● **Assignment**
Write out the listing below exactly, and omit any images you find in it.

● **Supplied information**
------

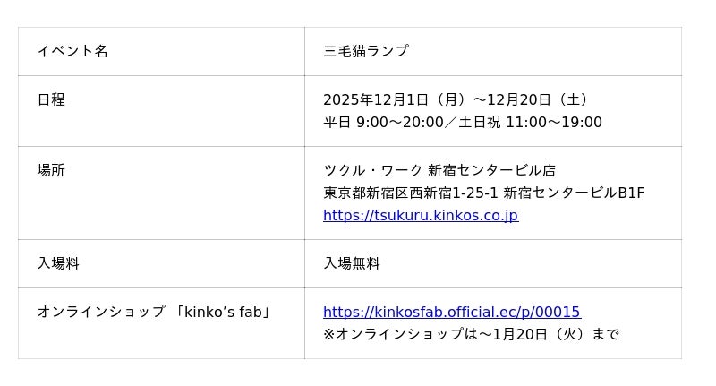 ツクル・ワークでは、テレワーク利用やビジネス機会の創出の場として利用されるコワーキングスペースの「ツクル」の利用者に、アーティスト作品との偶発的な出会い、働くだけではない“体験”・“感動”のできる空間を提供したいと考えています。また、参加アーティストには、ツクルを利用することで作品に対する思いや世界観までこだわった企画展を表現して欲しいと願っています。当社は、これからも企画展示を通じワークスペース事業の在り方についての可能性を追求していきます。キンコーズ・ジャパン株式会社 会社概要
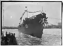 Construction of the Mutsuki-class destroyers was authorized as part of the Imperial Japanese Navy's build up from fiscal 1923 of ships not covered by the Washington Naval Treaty. The class was a follow-on to the earlier Minekaze and Kamikaze-class destroyers, with which they shared many common design characteristics.[1] Uzuki, built at the Ishikawajima Shipyards in Tokyo, was laid down on 11 January 1924, launched on 15 October 1925 and commissioned on 14 September 1926.[2] Originally commissioned simply as Destroyer No. 25, the ship was assigned the name Uzuki on 1 August 1928.
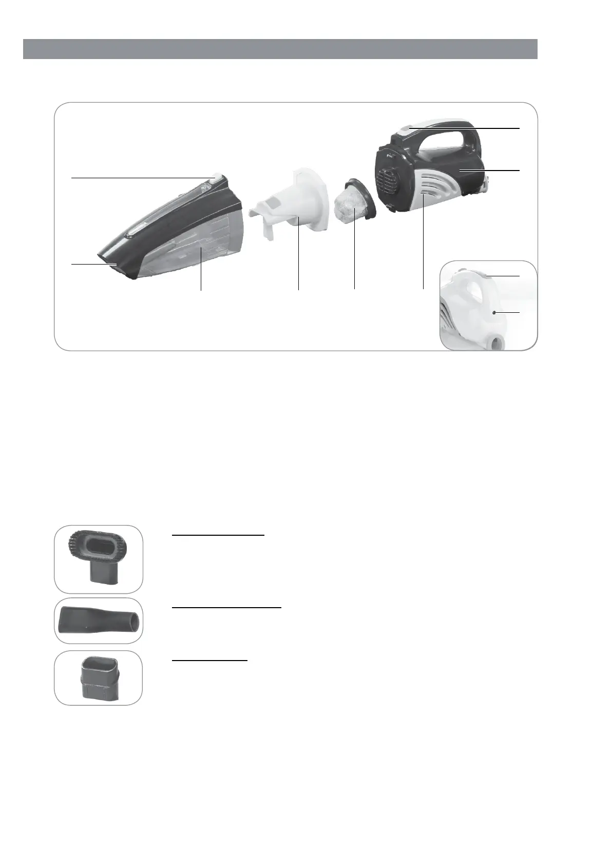 • Suceur à brosse : utilisez ce suceur à brosse pour dépoussiérer les
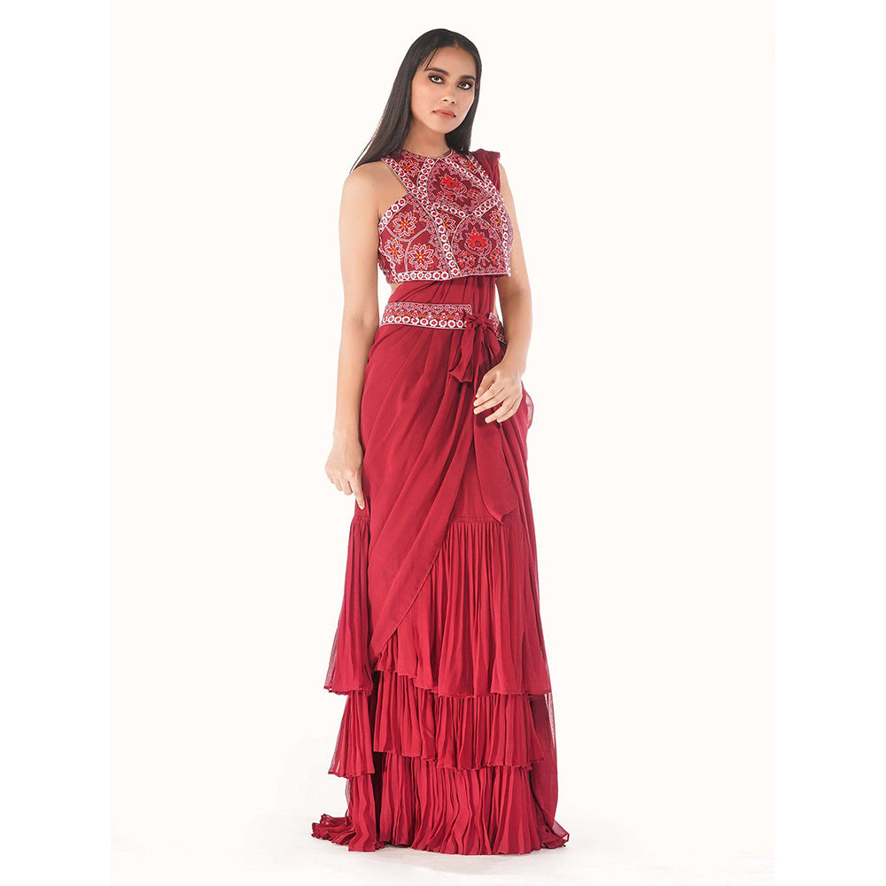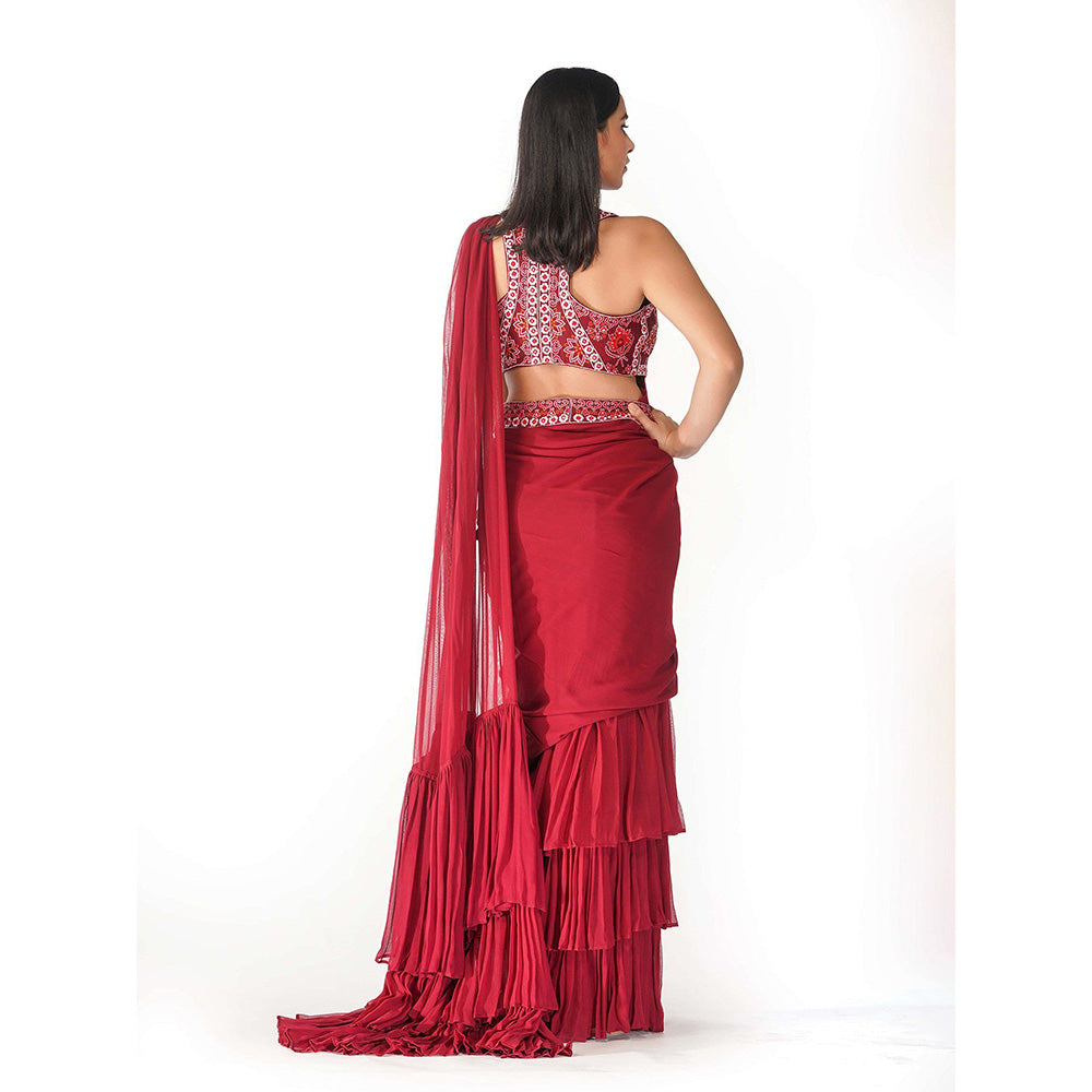 Shruti S Red Ruffle Draped Saree with Stitched Blouse

------

● **Response area**
 ツクル・ワークでは、テレワーク利用やビジネス機会の創出の場として利用されるコワーキングスペースの「ツクル」の利用者に、アーティスト作品との偶発的な出会い、働くだけではない“体験”・“感動”のできる空間を提供したいと考えています。また、参加アーティストには、ツクルを利用することで作品に対する思いや世界観までこだわった企画展を表現して欲しいと願っています。当社は、これからも企画展示を通じワークスペース事業の在り方についての可能性を追求していきます。キンコーズ・ジャパン株式会社 会社概要
 Construction of the Mutsuki-class destroyers was authorized as part of the Imperial Japanese Navy's build up from fiscal 1923 of ships not covered by the Washington Naval Treaty. The class was a follow-on to the earlier Minekaze and Kamikaze-class destroyers, with which they shared many common design characteristics.[1] Uzuki, built at the Ishikawajima Shipyards in Tokyo, was laid down on 11 January 1924, launched on 15 October 1925 and commissioned on 14 September 1926.[2] Originally commissioned simply as Destroyer No. 25, the ship was assigned the name Uzuki on 1 August 1928.
 • Suceur à brosse : utilisez ce suceur à brosse pour dépoussiérer les
 Shruti S Red Ruffle Draped Saree with Stitched Blouse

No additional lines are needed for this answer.